Crypto Funds Extend Three-Week Run With $1B Inflows Despite Geopolitical Stress

bitcoinistPublished on 2026-03-17Last updated on 2026-03-17

Global crypto funds attracted a remarkable $1 billion in inflows last week, marking their third consecutive week of positive net flows and best performance in two months, while underscoring resilience amid geopolitical challenges.

Crypto Funds’ Positive Streak Extends

According to the latest CoinShares data, crypto funds drew $1.06 billion in inflows last week, continuing their positive net flows run for the third consecutive week and extending their best performance since the year started.

Notably, crypto Exchange-Traded Products (ETPs) had a five-week run of negative net flows from January 19 to February 20 amid market weakness and broader negative sentiment. The investment products had cumulative outflows of $4 billion, registering their worst performance since the October 10 crash.

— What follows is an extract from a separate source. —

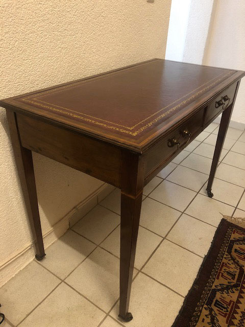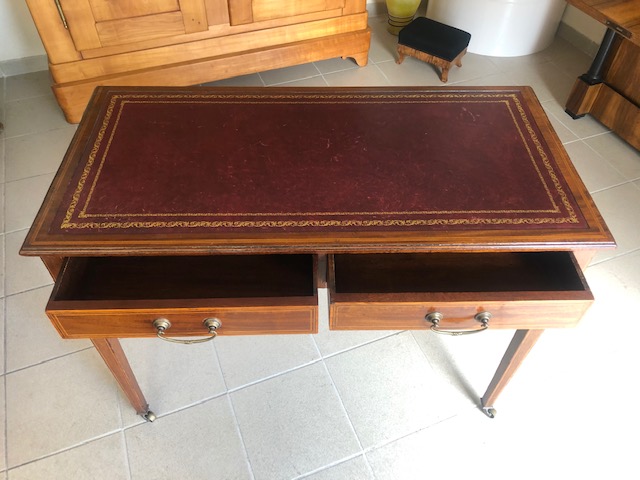 Small desk, light mahogany, embossed leather top, 2 drawers, on brass castors, manufacturer's logo in brass on the inside, England around 1900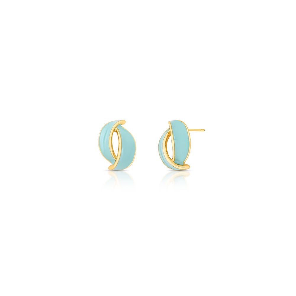 Brinco Meia Lua Liso Esmaltado Banho Ouro 18K Verde U |

The US market experienced most of the negative net flows during this period, while Bitcoin-based ETPs saw the weakest performance among major cryptocurrencies, with over $3.80 billion in outflows.

However, US investors’ renewed demand for digital asset investment products since the end of February, particularly Bitcoin Exchange-Traded Funds (ETFs), has reduced the prior one-month outflows streak, bringing the three-week run of inflows to $2.62 billion.

Crypto funds attract massive inflows for the third consecutive week.  Source: CoinShares

Regionally, 96% of the inflows originated from the US, with Canada and Switzerland following with $19.4 million and $10.4 million, respectively. Hong Kong also attracted $23.1 million in inflows, marking the best performance since August 2025. In contrast, Germany recorded outflows of $17.1 million, its first negative net flows in 2026, according to CoinShares’ data.

Funds based on the flagship cryptocurrency showed the strongest performance this week, with $793 million in inflows. This accounts for 75% of total inflows, bringing BTC’s three-week inflows to $2.2 billion.

The report noted that short Bitcoin investment products also attracted $8.1 million in inflows last week, highlighting that market opinion remains somewhat polarized.

Meanwhile, Ethereum funds also saw meaningful inflows worth $315 million, partially driven by BlackRock’s debut of its staked Ether ETF in the US. This brings the category’s year-to-date (YTD) flows, which are on a net outflow position, near a net-neutral position.

Digital Assets, Bitcoin’s ‘Safe Haven’ Narrative Reinforced

James Butterfill, head of research at CoinShares, highlighted crypto funds’ strong performance despite the increasing Middle East tensions, explaining that “significant geopolitical disruption has reinforced digital assets, particularly Bitcoin, as a relative safe haven compared with other asset classes.”

Since the beginning of the Iran crisis, total assets under management (AuM) in crypto ETPs have risen by 9.4% to $140 billion, Butterfill noted on Monday. Notably, Nate Geraci, co-founder of the ETF Institute, recently affirmed that ETF investors have “largely displayed diamond hands” since the October correction began.

The expert emphasized that 50% drawdowns “are a walk in the park for long-time BTC investors,” but observed that newer ETF investors also appear unfazed by the recent market volatility.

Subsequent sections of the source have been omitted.